Repeat the records exactly. Leave out the pictures.

── Dataset excerpts

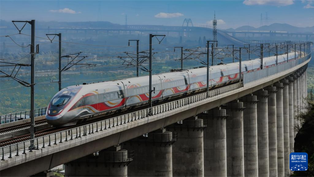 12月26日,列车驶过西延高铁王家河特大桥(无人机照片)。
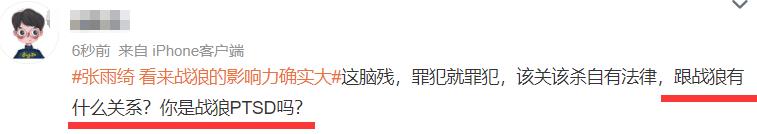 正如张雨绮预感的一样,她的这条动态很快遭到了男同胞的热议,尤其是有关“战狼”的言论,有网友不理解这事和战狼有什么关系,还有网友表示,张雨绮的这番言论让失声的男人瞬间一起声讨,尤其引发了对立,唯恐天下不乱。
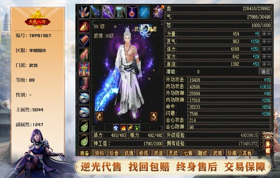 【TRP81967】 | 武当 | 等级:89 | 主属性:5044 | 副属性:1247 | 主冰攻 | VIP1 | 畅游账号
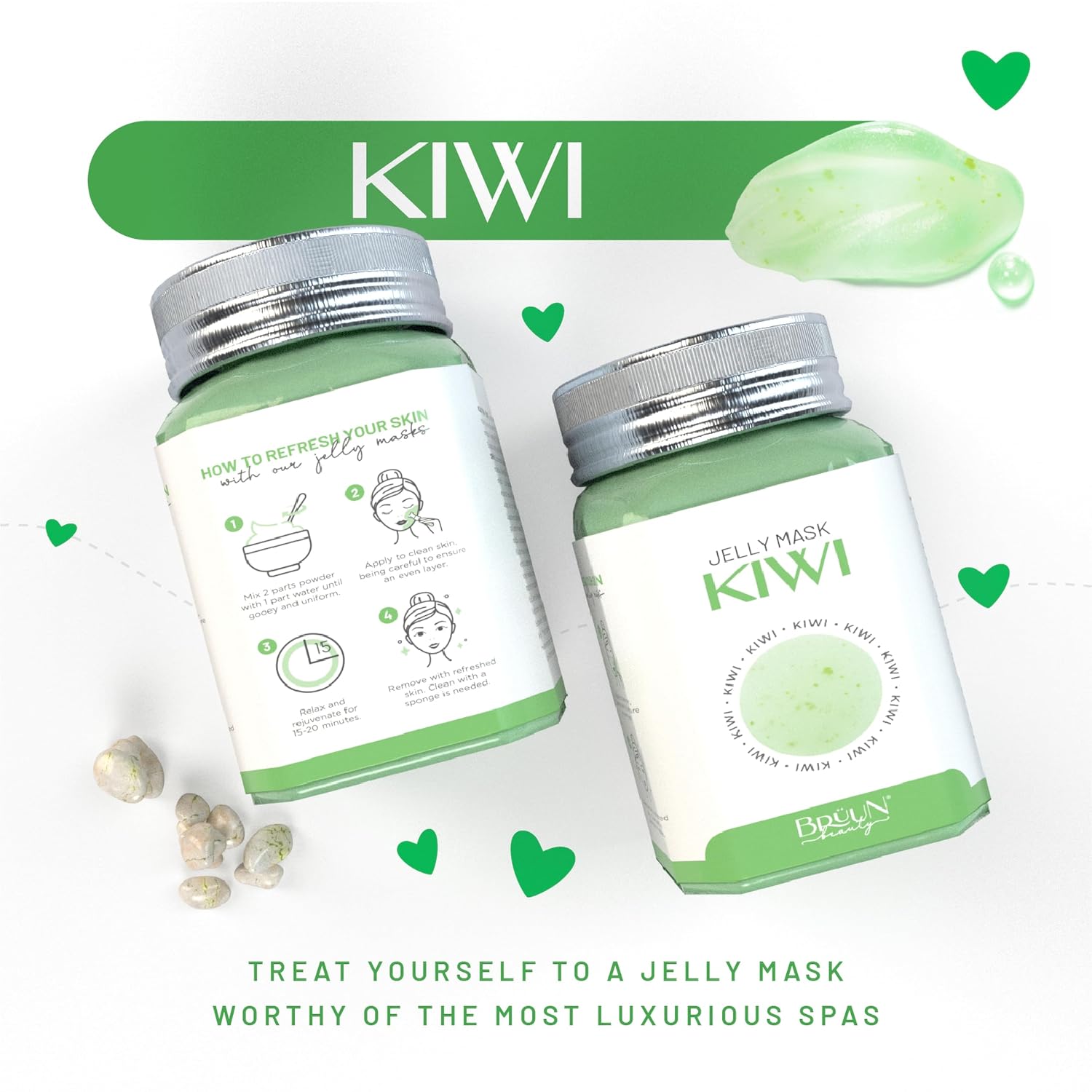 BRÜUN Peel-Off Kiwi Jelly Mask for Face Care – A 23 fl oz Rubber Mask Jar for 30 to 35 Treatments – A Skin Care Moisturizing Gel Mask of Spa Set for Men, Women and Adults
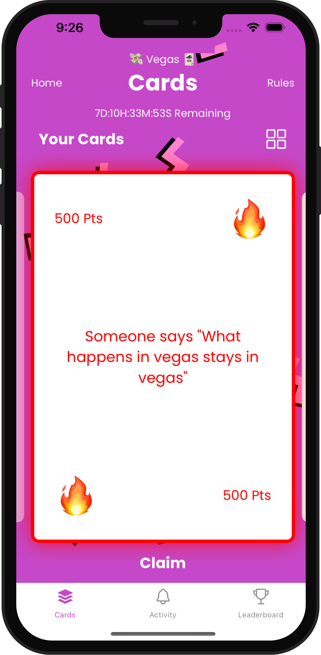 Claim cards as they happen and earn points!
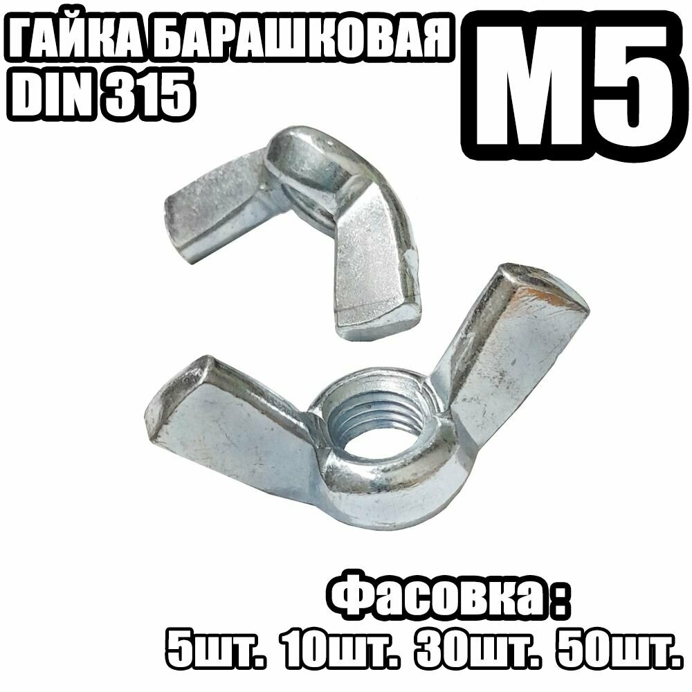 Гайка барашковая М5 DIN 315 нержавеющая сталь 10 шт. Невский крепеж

────

*Answer*:
 12月26日,列车驶过西延高铁王家河特大桥(无人机照片)。
 正如张雨绮预感的一样,她的这条动态很快遭到了男同胞的热议,尤其是有关“战狼”的言论,有网友不理解这事和战狼有什么关系,还有网友表示,张雨绮的这番言论让失声的男人瞬间一起声讨,尤其引发了对立,唯恐天下不乱。
 【TRP81967】 | 武当 | 等级:89 | 主属性:5044 | 副属性:1247 | 主冰攻 | VIP1 | 畅游账号
 BRÜUN Peel-Off Kiwi Jelly Mask for Face Care – A 23 fl oz Rubber Mask Jar for 30 to 35 Treatments – A Skin Care Moisturizing Gel Mask of Spa Set for Men, Women and Adults
 Claim cards as they happen and earn points!
 Гайка барашковая М5 DIN 315 нержавеющая сталь 10 шт. Невский крепеж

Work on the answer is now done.